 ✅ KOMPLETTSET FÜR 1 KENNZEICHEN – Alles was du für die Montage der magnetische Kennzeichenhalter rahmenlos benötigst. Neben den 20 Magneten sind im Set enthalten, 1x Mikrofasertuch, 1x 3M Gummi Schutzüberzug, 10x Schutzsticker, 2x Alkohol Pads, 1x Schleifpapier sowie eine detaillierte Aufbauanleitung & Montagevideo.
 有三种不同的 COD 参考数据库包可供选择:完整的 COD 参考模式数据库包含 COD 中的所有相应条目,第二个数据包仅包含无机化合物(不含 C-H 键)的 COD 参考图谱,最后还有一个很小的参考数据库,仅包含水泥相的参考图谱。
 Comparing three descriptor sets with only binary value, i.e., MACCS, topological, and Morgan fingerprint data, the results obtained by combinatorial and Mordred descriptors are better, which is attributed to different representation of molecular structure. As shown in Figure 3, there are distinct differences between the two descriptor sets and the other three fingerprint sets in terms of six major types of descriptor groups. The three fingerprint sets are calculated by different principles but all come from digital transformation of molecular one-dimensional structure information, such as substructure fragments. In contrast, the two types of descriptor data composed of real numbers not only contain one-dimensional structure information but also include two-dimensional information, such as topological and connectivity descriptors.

==

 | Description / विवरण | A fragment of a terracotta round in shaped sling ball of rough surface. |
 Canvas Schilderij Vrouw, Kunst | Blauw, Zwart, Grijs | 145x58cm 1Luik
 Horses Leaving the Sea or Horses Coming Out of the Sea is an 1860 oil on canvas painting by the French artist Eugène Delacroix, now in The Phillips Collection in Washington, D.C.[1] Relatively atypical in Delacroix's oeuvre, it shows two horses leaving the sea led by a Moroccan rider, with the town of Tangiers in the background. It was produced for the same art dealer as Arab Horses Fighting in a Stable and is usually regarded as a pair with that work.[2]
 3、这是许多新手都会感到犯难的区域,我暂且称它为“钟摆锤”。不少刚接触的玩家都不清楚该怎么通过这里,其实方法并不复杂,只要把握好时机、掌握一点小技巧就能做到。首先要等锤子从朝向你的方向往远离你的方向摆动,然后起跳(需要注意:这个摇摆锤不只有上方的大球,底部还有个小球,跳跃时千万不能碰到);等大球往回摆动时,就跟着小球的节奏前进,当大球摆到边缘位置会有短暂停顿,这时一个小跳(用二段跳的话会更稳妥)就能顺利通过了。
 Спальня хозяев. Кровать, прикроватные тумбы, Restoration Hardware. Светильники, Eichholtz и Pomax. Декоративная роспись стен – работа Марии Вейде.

§ **Action item**
Please give again the lines above between the line holding "3、这是许多新手都会感到犯难" and the line holding "Спальня хозяев. Кровать, прикроватные", inclusive, exactly as they are and with nothing added.

§ **Reply to the exercise**
 3、这是许多新手都会感到犯难的区域,我暂且称它为“钟摆锤”。不少刚接触的玩家都不清楚该怎么通过这里,其实方法并不复杂,只要把握好时机、掌握一点小技巧就能做到。首先要等锤子从朝向你的方向往远离你的方向摆动,然后起跳(需要注意:这个摇摆锤不只有上方的大球,底部还有个小球,跳跃时千万不能碰到);等大球往回摆动时,就跟着小球的节奏前进,当大球摆到边缘位置会有短暂停顿,这时一个小跳(用二段跳的话会更稳妥)就能顺利通过了。
 Спальня хозяев. Кровать, прикроватные тумбы, Restoration Hardware. Светильники, Eichholtz и Pomax. Декоративная роспись стен – работа Марии Вейде.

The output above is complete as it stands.